> [Task item]:
For the entries below, return every line from the top through the line with "lock in seconds" exactly as it stands, omitting pictures.
(Beginning of Data for the task)
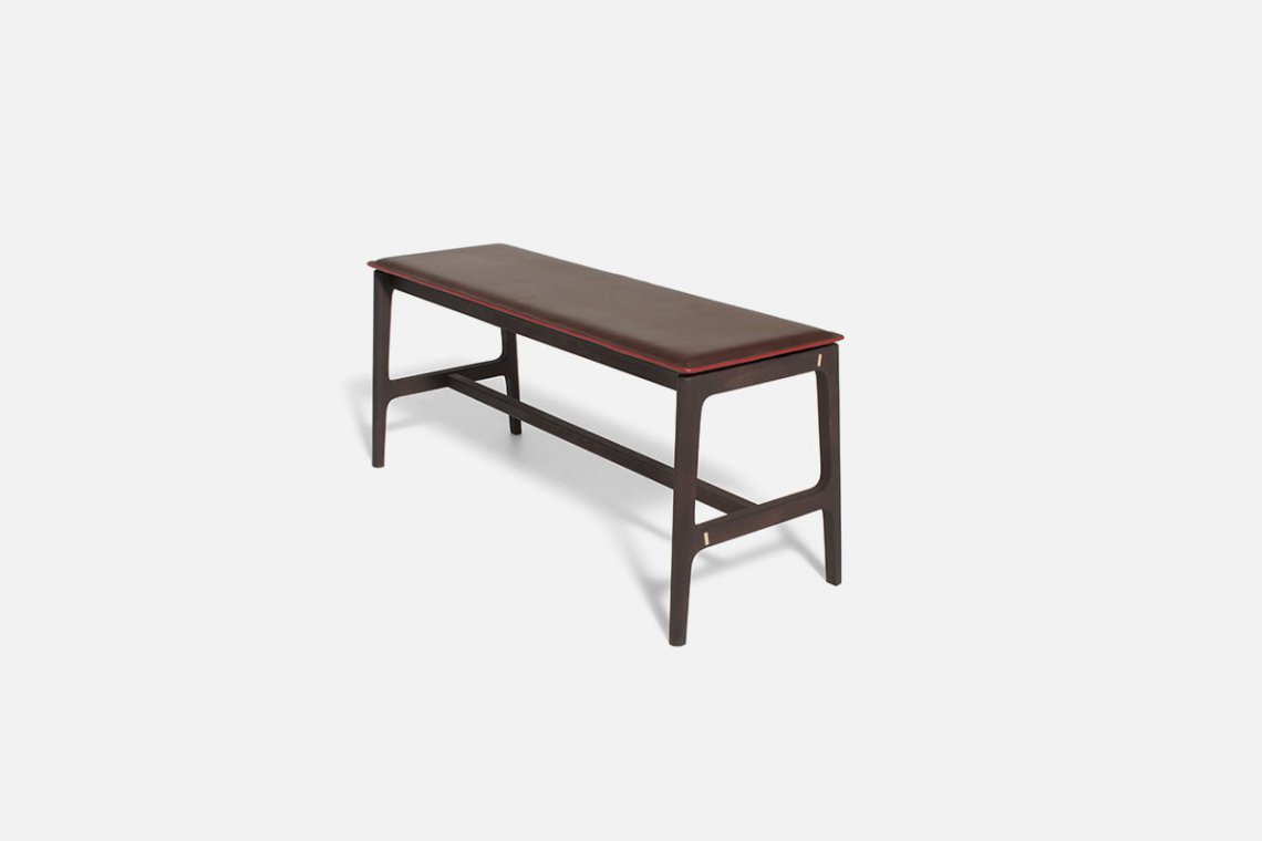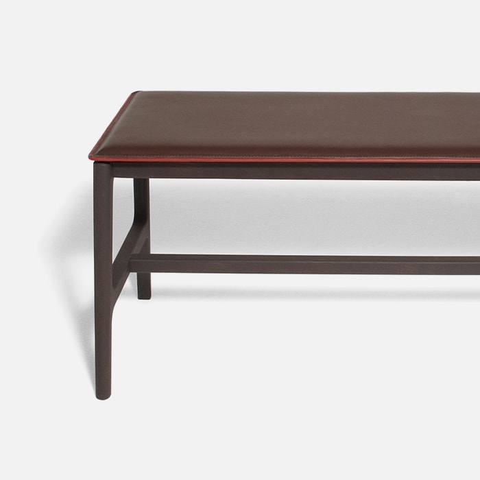 The same seams are found in the furnishing accessories such as the leather benches and trays.
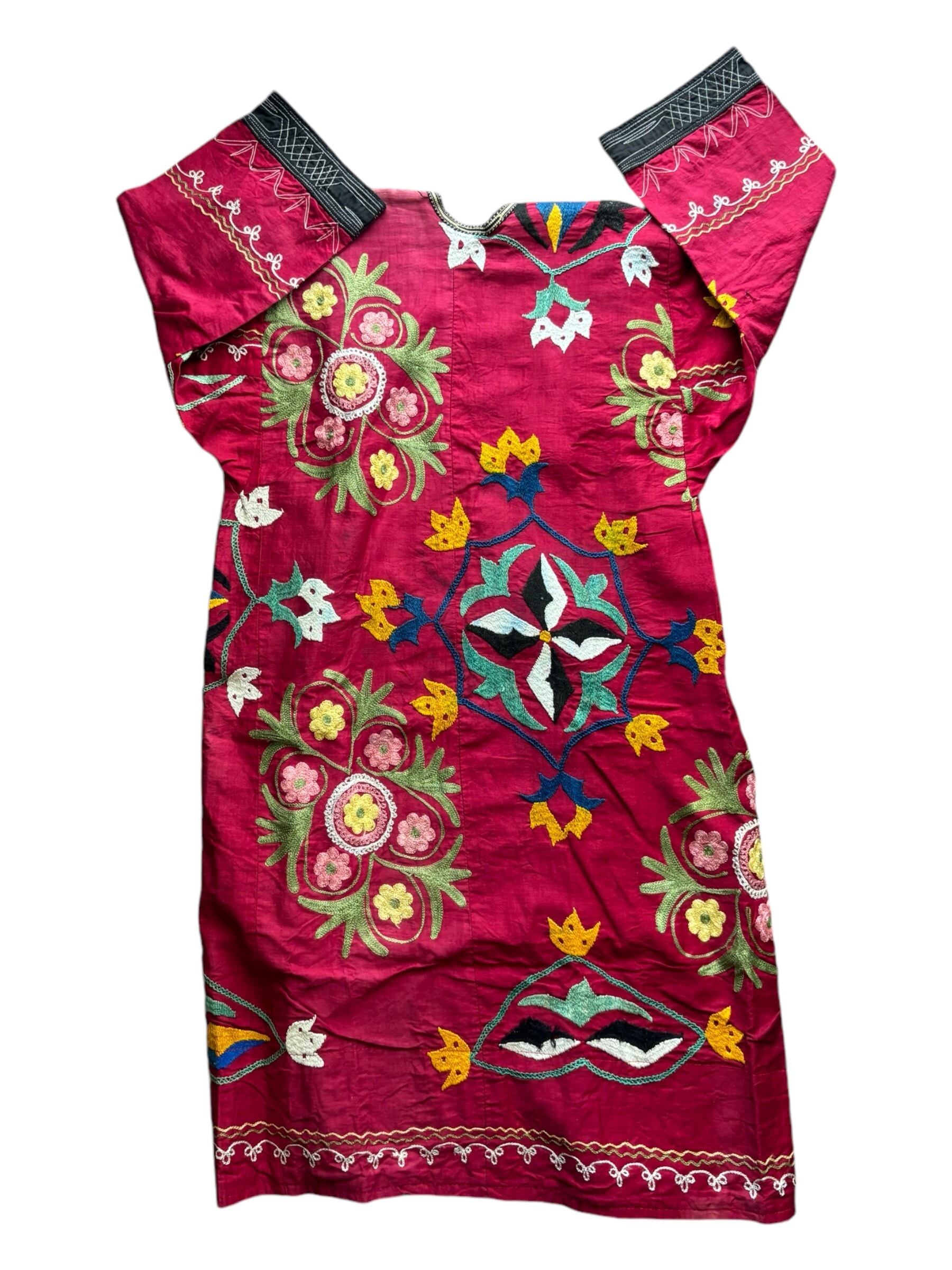 ※前開きの開閉は、ウズベキスタンの伝統的な組紐で結ぶようになっていますが(試着画像参照)上からチャイナボタンを縫い付けています。
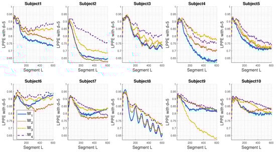 Figure 4 displays the individual LPPE measures of the real sEMG signals acquired under fatigue conditions ( to ) for the ten subjects considered.
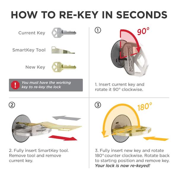 • SmartKey Security re-key allows you to rekey your lock in seconds
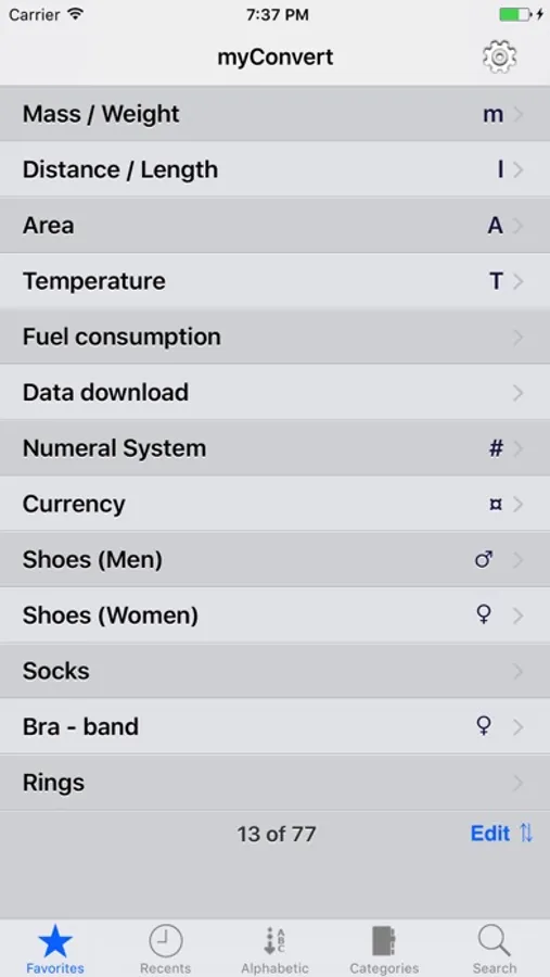 List of categories from PAID version: Mass, Distance, Area, Temperature, Volume, Density, Volumetric Flow, Fuel consumption, Pressure, Time, Frequency, Timecode/Frames, Video length/space, Speed, Acceleration, Energy, Power, Force, Torque, Angle / Trigonometry, Navigation, Angular velocity, Resistance, Radioactivity, Carbon 14 Dating, Data storage, Data download, Numeral System, Luminance, Illuminance, SI prefixes, Currency, Suit/coat/sweater, Dress/suit, Shirts, Blouse/sweater, Shoes (Men), Shoes (Women), Socks, Stockings (Women), Dress (Juniors), Bra - band, Bra - cup, Hats, Rings, Electric current, Electromagnetic spectrum, Radiation absorbed, Moment of Inertia, Viscosity (dynamic), Viscosity (kinematic), Metal Hardness, Circular, Typography, Concentration (solution), Concentration (molar), Radiation, Radiation exposure, Musical Intervals, Musical notes, Sound level, Angular acceleration, Paper Weights, Resistivity, American wire gauge
(End of Data for the task)
> [Result for this exercise]:
 The same seams are found in the furnishing accessories such as the leather benches and trays.
 ※前開きの開閉は、ウズベキスタンの伝統的な組紐で結ぶようになっていますが(試着画像参照)上からチャイナボタンを縫い付けています。
 Figure 4 displays the individual LPPE measures of the real sEMG signals acquired under fatigue conditions ( to ) for the ten subjects considered.
 • SmartKey Security re-key allows you to rekey your lock in seconds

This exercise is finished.